Task statement –
All lines from the one containing "Fred Pearce was" through the last line of the listing below are to be copied exactly. Exclude the pictures.

Data block –
┏━━
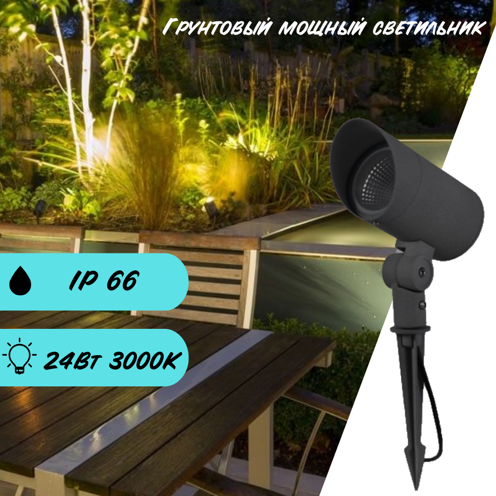 Грунтовый светодиодный светильник высокой мощности 24Вт 3000К IP66 ландшафтный 39X19,5X9см
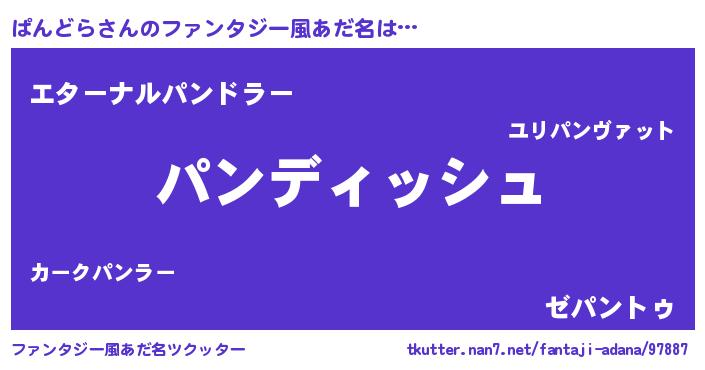 | ヒーロー風カッコイイあだ名 | 『ネオパンドラ』『ウルトラぱんどらマン』 |
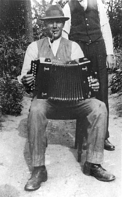 Fred Pearce was born in Eyke in 1912, and didn't move to Blaxhall till 1938. He didn't start on the accordeon ‘til he was 24, though he played mouthorgan as a child. “No-one taught me - I just picked it up.”
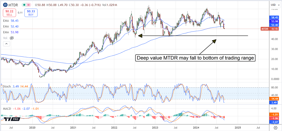 Institutional activity is also robust in Matador stock. The institutions own more than 90% of the stock and are providing a tailwind in 2024 with the balance of activity buying. The largest holders include Vanguard, BlackRock, and State Street, so ETFs and funds are well-represented, but many smaller private managers and numerous retirement funds are also holders. With share prices trading at eighteen-month lows near the bottom of a trading range, their activity may pick up.
┗━━
Output –
 Fred Pearce was born in Eyke in 1912, and didn't move to Blaxhall till 1938. He didn't start on the accordeon ‘til he was 24, though he played mouthorgan as a child. “No-one taught me - I just picked it up.”
 Institutional activity is also robust in Matador stock. The institutions own more than 90% of the stock and are providing a tailwind in 2024 with the balance of activity buying. The largest holders include Vanguard, BlackRock, and State Street, so ETFs and funds are well-represented, but many smaller private managers and numerous retirement funds are also holders. With share prices trading at eighteen-month lows near the bottom of a trading range, their activity may pick up.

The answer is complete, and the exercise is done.